GZ: How does Sims 3: Ambitions tackle the problem of piracy and DRM?
GR: I remember reading the boards the other day and one guy was talking about the stylist career and how much he enjoyed playing it in Indonesia. Whether he was full of crap or serious, this was weeks ago and the game is only just coming out. I thought that was kind of funny and sad at the same time. People do pirate our games, it’s a reality. Our approach with this game is lets back off the DRM (Digital Rights Management), we have a disc check and that’s it.
Basically we want to reward our paying customers with light DRM, a good price and we’ll give you great stuff. You have Riverview if you register the game, and you get free updates which you can only get via registering, it takes months of our time to build this exclusive content. For World Adventures we had extra decorative items for your home and you have a bunch of new objects for this game as well. Hopefully this philosophy of nurture not punish will pay off and if players help us out and support our game then we’ll do our best to support them. We can’t stop the piracy, it’s maddening to me. It’s theft and that is all it is, but we’ll still try to support players.

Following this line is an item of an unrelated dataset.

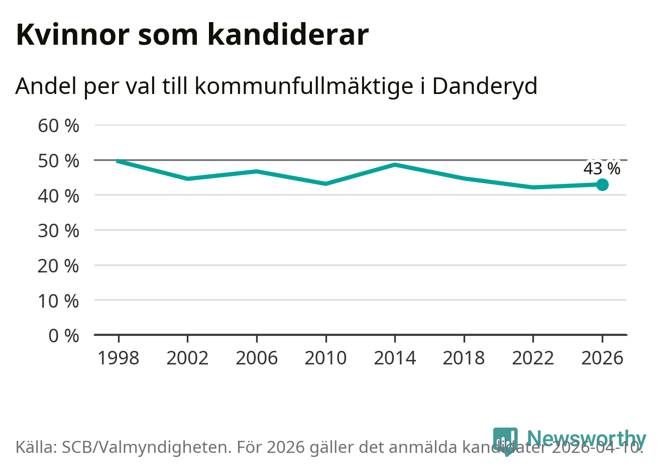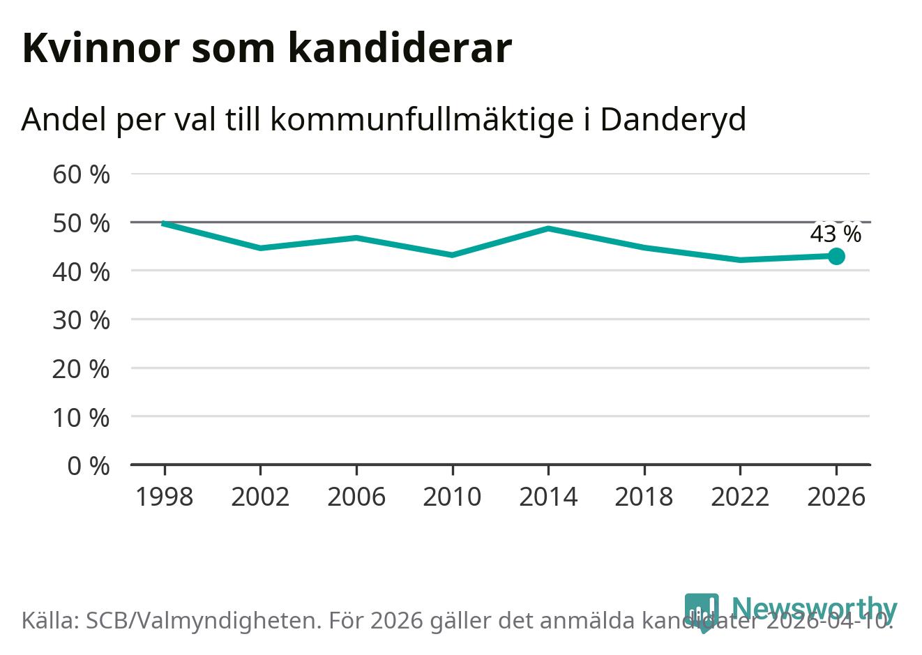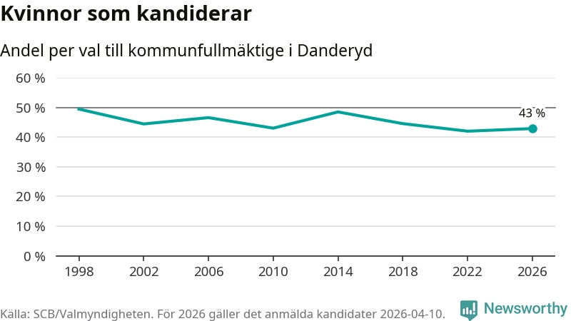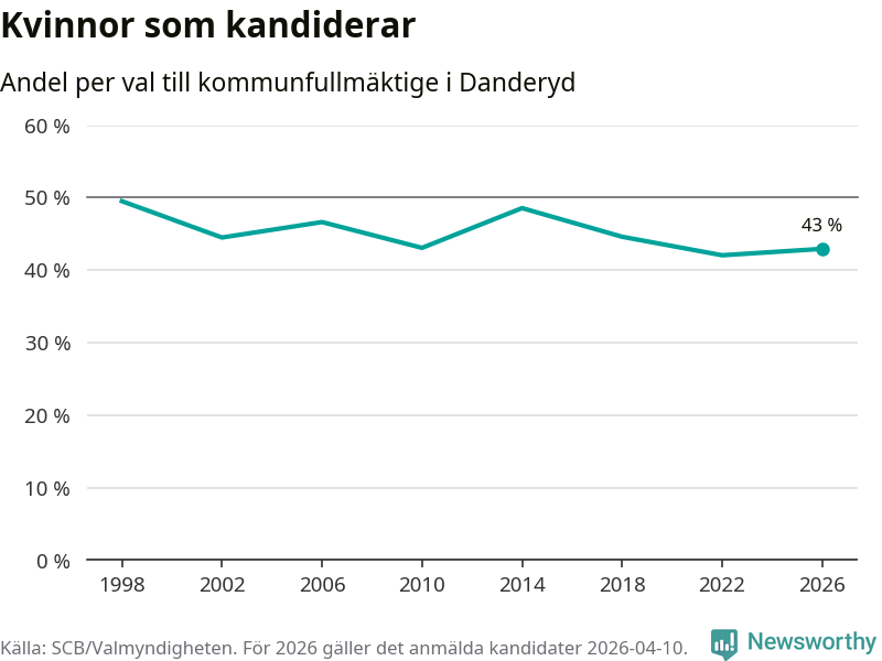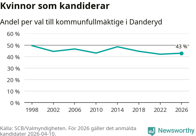 Kvinnorna utgör 43 procent av de hittills anmälda kandidaterna. Vid valet 1998 var 50 procent kvinnor, valet 2022 var motsvarande siffra 42 procent. Danderyd är en av 264 kommuner i landet där männen utgör en majoritet av kandidaterna på listorna.

Always nice to see a developer talking about focusing time and energy on supporting the player who bought the product. As for some of his own feelings on the subject, and how the original game’s DRM choice was arrived at…
GZ: DRM is something that will never go away, are you ever tempted to slap the hardest, most limited solution onto the game as possible?
GR: It always tempting. I know that on Sims 2 around the fifth expansion we added SecuRom and that made a lot of people really angry. That was a huge discussion point for The Sims 3 from top to bottom, junior engineers were writing emails to senior staff members arguing why we shouldn’t use specific forms of DRM and from there throughout the company we all decided we would only do a disc check and cross our fingers that the community would support us. I like to think that more people bought it because of the way we have acted, by respecting the consumer.
With strong sales of the game and the first expansion, I’d say that the community has. Perhaps more developers would like to pay attention to that?